See pic, it's amazing what scrap cardboard and a handmade pillow can do for an old rat... Three of my boys barely leave their new snugglecave! Buster would no doubt join them too, but he can't climb upm to reach it. I've made him his own pillow, but so far he's happy enough with his own handmade sleeping arrangements. Fair doos says i.
My liquid foundation's finally reached it's bin day, which I wish i'd known before daubing it liberally on my so-called face... I am cakeyface. Chalkycheeks. Twatnose. Buggereyes. Etcetera. Oh well, I couldn't find any smart clothes that still fit me (fatpants. Bigbum. Pooh belly. lardarse.) so a perfectly made up face would have looked a bit odd on top of a ratbitten pyjama top and zipknackered hoodie.
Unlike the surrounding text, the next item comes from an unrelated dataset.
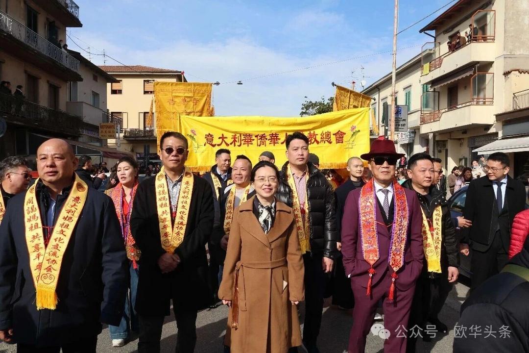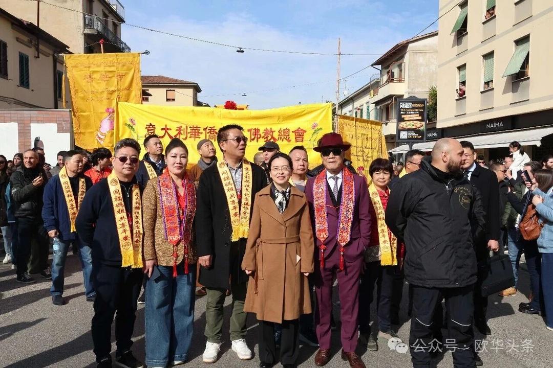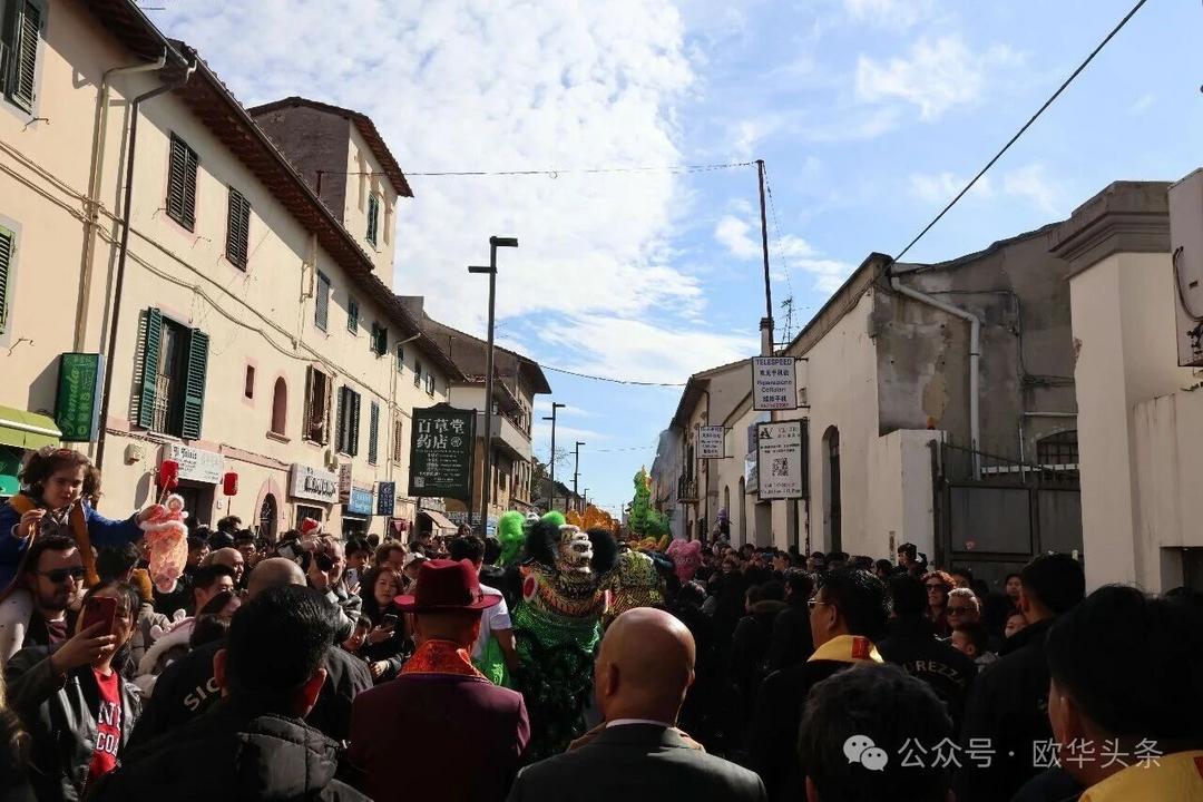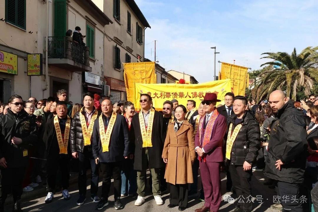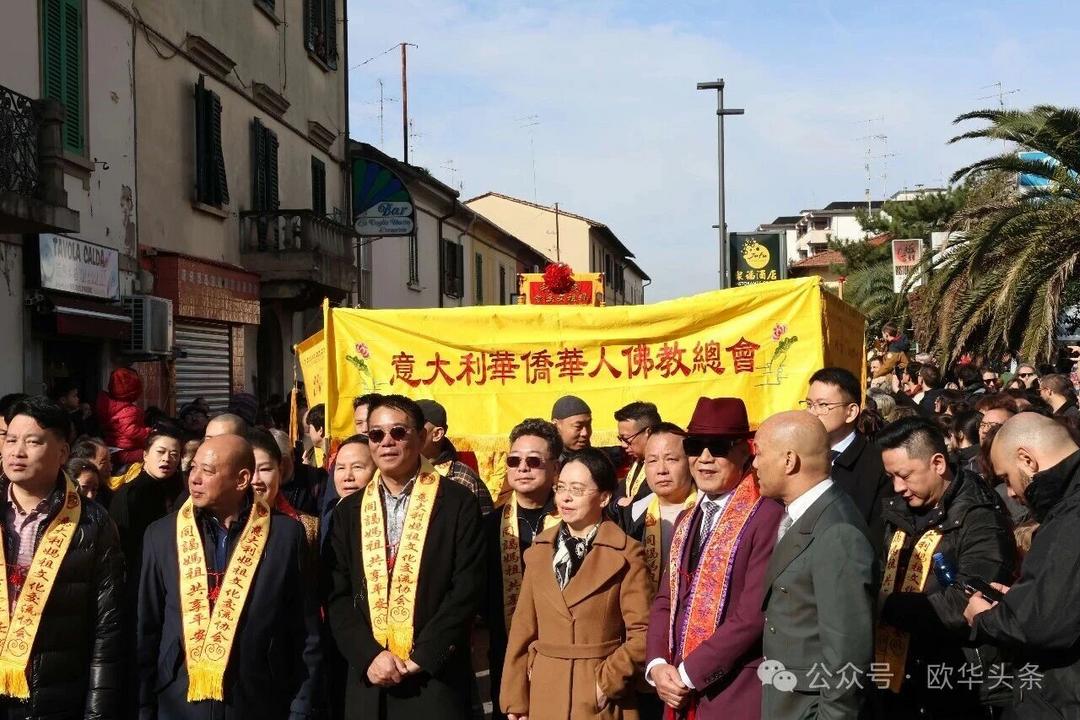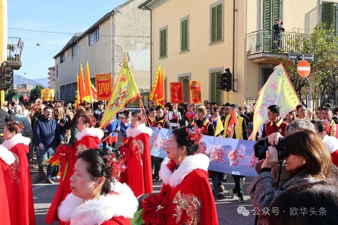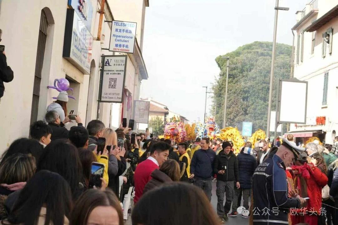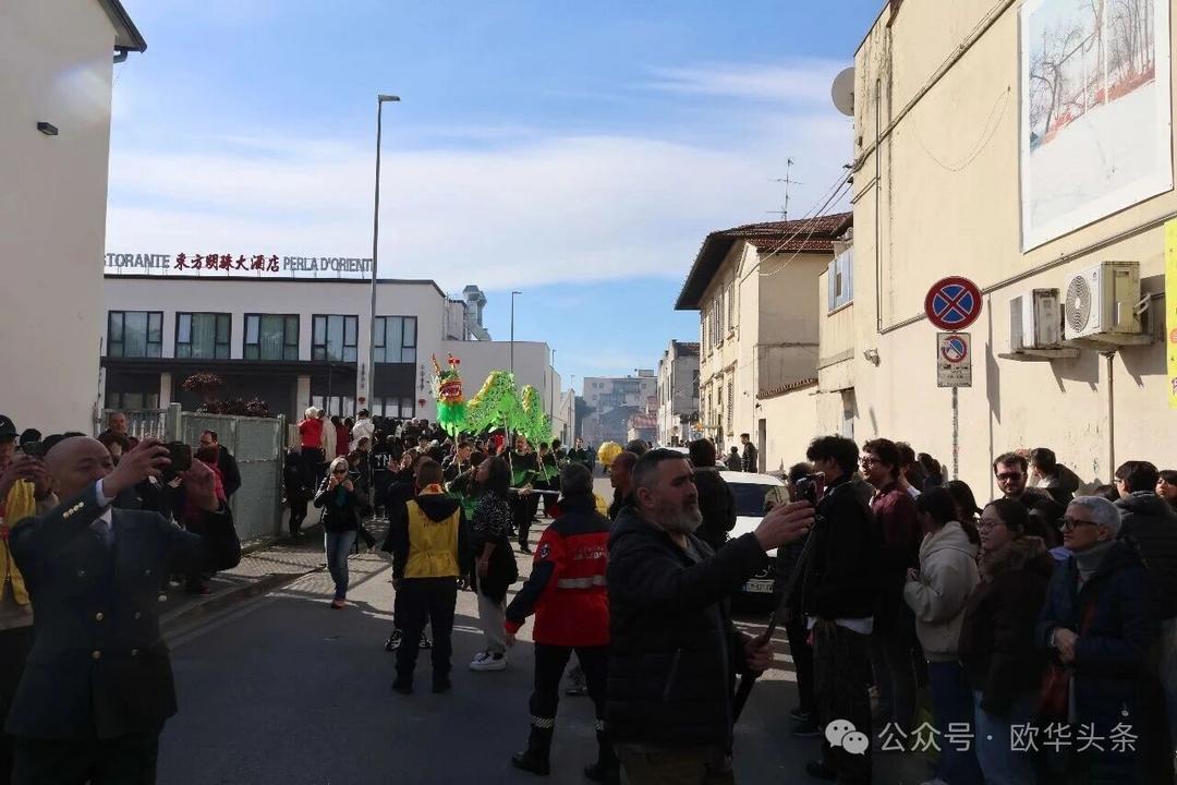 (欧华头条 陈静)2月22日,2026普拉托新春舞龙舞狮暨妈祖巡礼的第二天上午在当地华人街巡游。由意大利华侨华人佛教总会、普拉托普华寺主办的“2026新春龙狮妈祖巡礼活动”,为期两天的巡礼在普拉托Tavola和iolo工业区拉开序幕后,终于在周日迎来高潮。当天,沿街商家、中意市民纷纷涌上街头,盛情迎接这场传统文化盛宴,巡游路线两侧被人群围得水泄不通,人山人海的景象令人震撼。

I may go cack my trousers just to complete the look.
Anyhoo, i'm all set for a day of dog cuddling, paper hat wearing, scotch glugging and shite telly watching. I just hope the folks haven't cooked my food in with the turkey again... Jeebus, vegetarians aren't fond of their vegetables smoked over a corpse. Or cooked with animal lard. Or, if we're all scathingly honest, sitting next to someone gnawing on a ribcage or leg bone. Blegh. But these are the trials, tribulations and other borrowed phrases of the psychopathically compassionate social outcast.
I feel terrible i'm unable to buy gifts this year, too. I've resolved to buy and make things next year for everyone, and hopefully that'll make up for it.
Oh well, mustbe awf, time to find out where dad's got to, and have my nintieth cigarette of the morning.